What to work on » Don't include pictures. Quote the lines below from the first through the line that contains "Mε τους Κέντρικ".

Data for review »
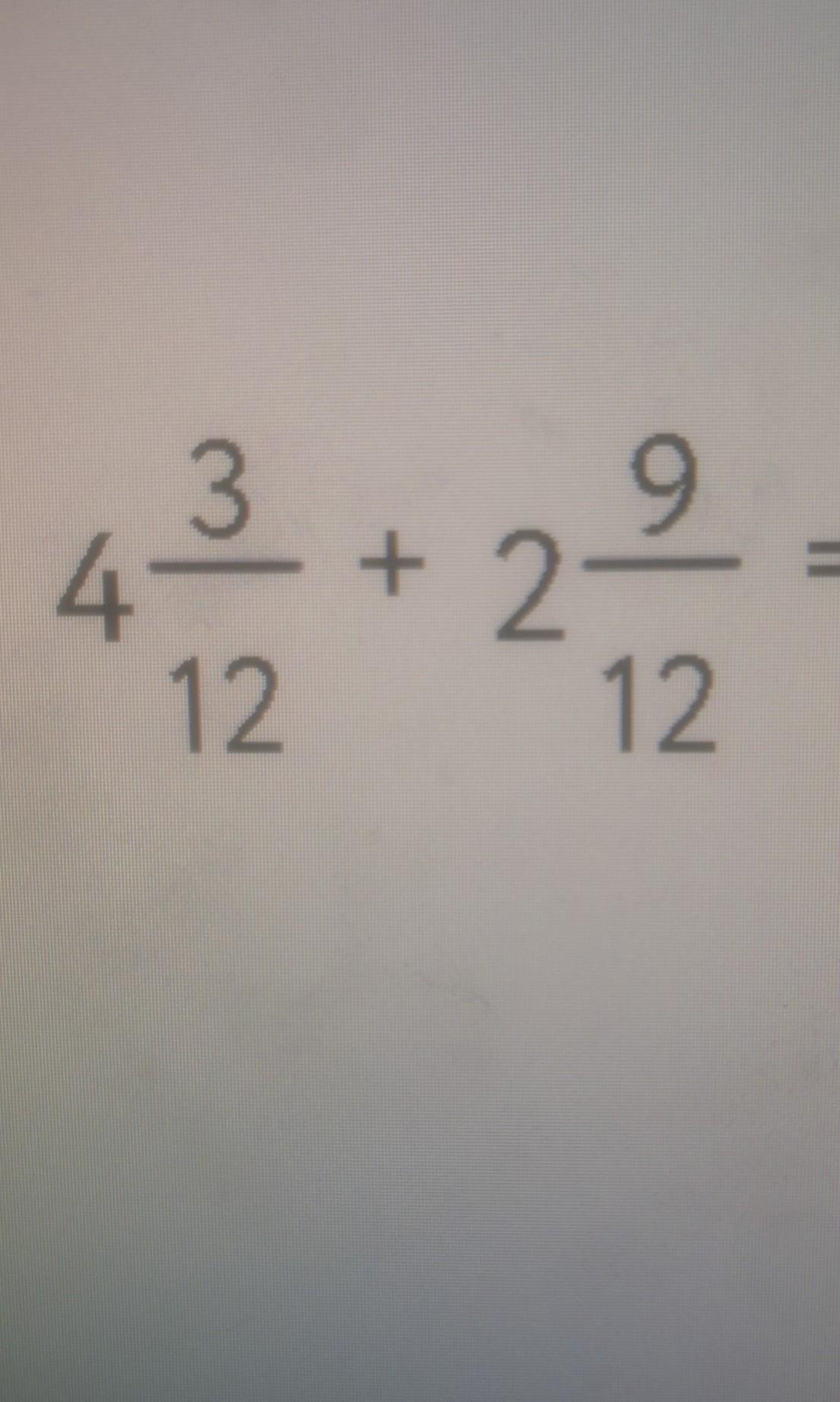 4 3/12 + 2 9/12 = (4 +2) (3+9)/12 = 6 12/12 = 7
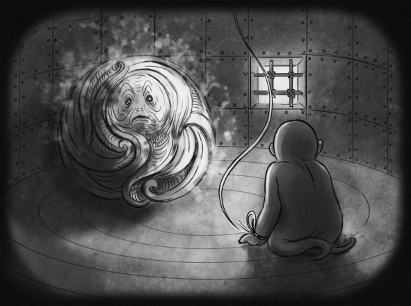 Жи вскоре поняли, что им нечего противопоставить безумному натиску, сметающему всё на своём пути. Страх разогнал их по углам, и наконец Вилька остался один против сферы, в которой отражался искривлённый зал со жмущимися по углам, трясущимися жи. Отчаяние одиночества и беспомощности разрывало его на части…
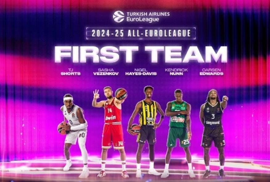 Mε τους Κέντρικ Ναν και Σάσα Βεζένκοφ -όπως αναμενόταν- ανακοινώθηκε απ' την Euroleague η κορυφαία πεντάδα All-EuroLeague 2024-25.
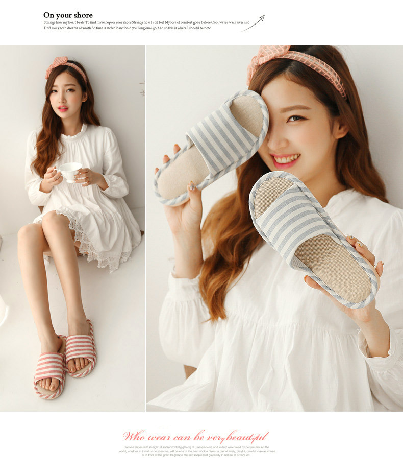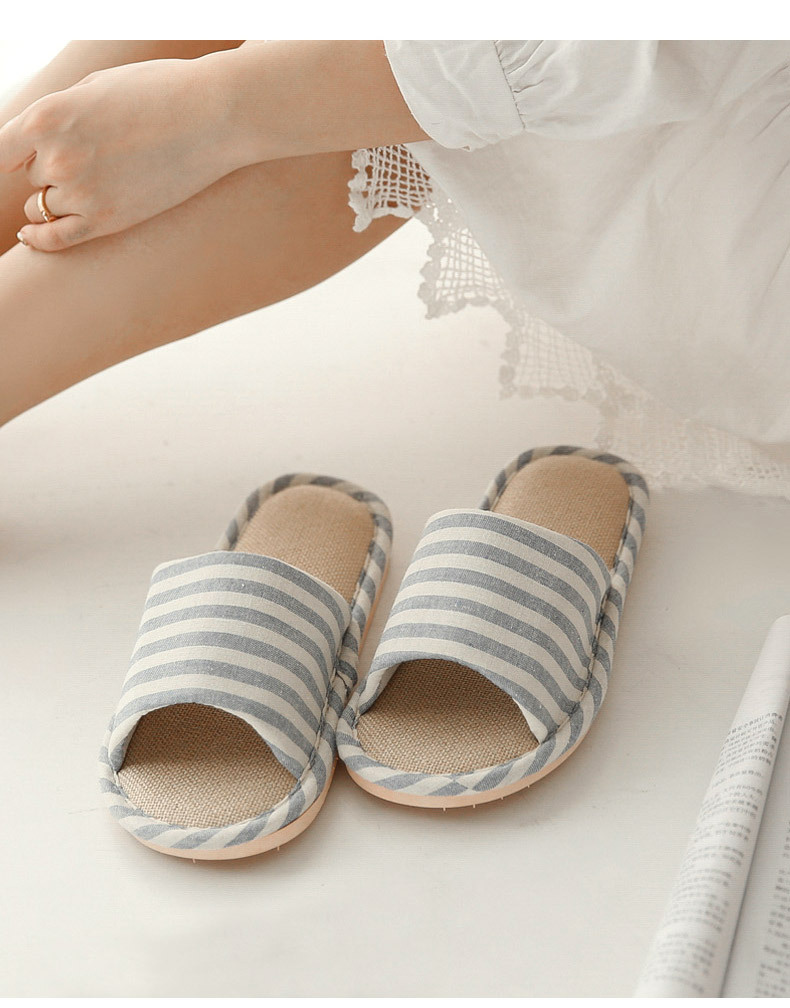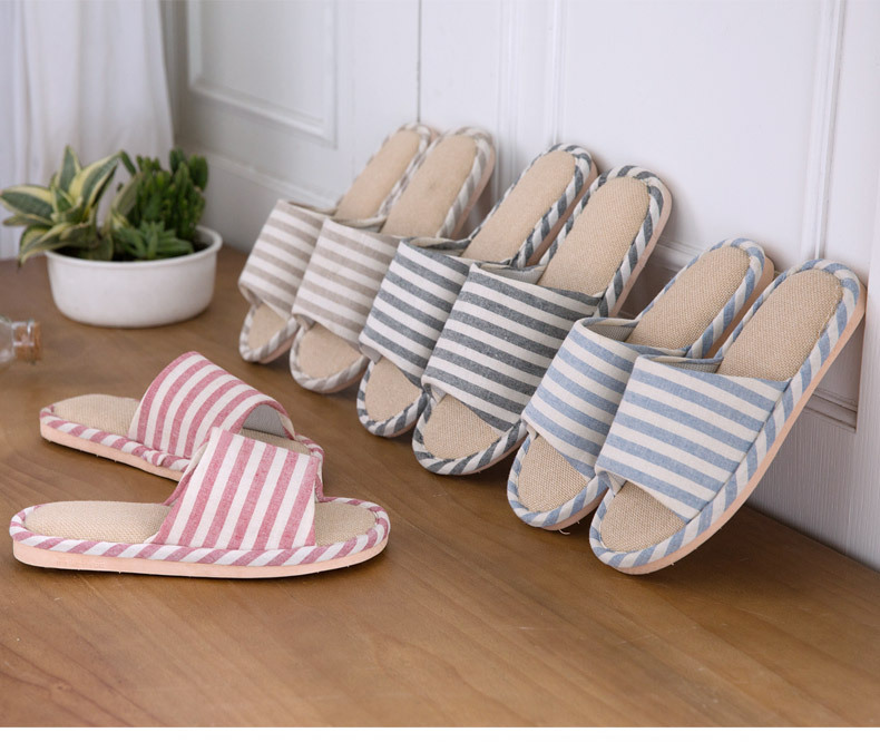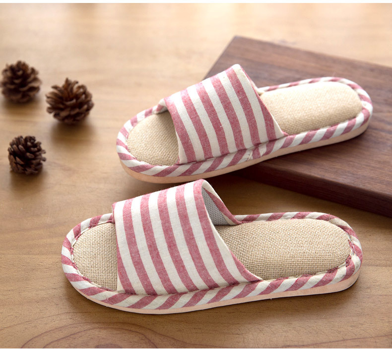 Special can not be more value-for-money Japanese-style five-color striped household linen slippers Spring and summer non-slip beef tendon bottom
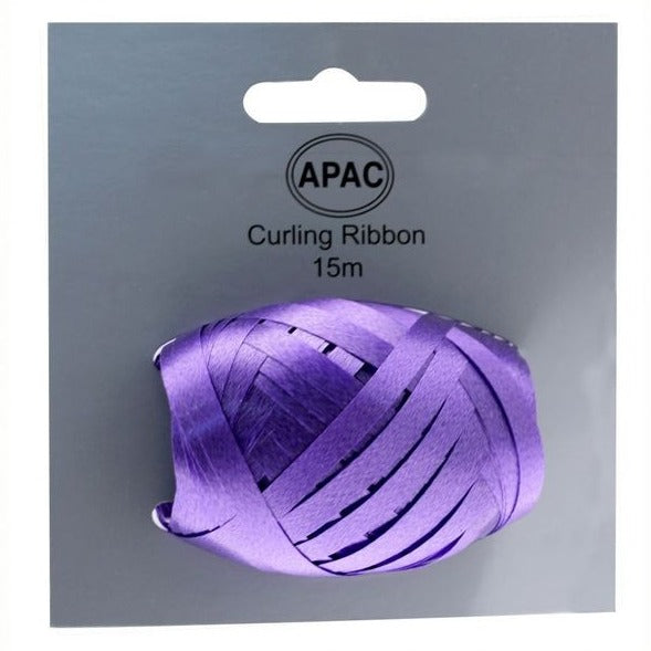 A 15m cop of Purple curling ribbon. Easy to curl, great for dressing up gifts, balloons or floral arrangements. Cut the ribbon to the length required, use a pair for scissors and run along the side of the ribbon for a perfect curl

Solved problem »
 4 3/12 + 2 9/12 = (4 +2) (3+9)/12 = 6 12/12 = 7
 Жи вскоре поняли, что им нечего противопоставить безумному натиску, сметающему всё на своём пути. Страх разогнал их по углам, и наконец Вилька остался один против сферы, в которой отражался искривлённый зал со жмущимися по углам, трясущимися жи. Отчаяние одиночества и беспомощности разрывало его на части…
 Mε τους Κέντρικ Ναν και Σάσα Βεζένκοφ -όπως αναμενόταν- ανακοινώθηκε απ' την Euroleague η κορυφαία πεντάδα All-EuroLeague 2024-25.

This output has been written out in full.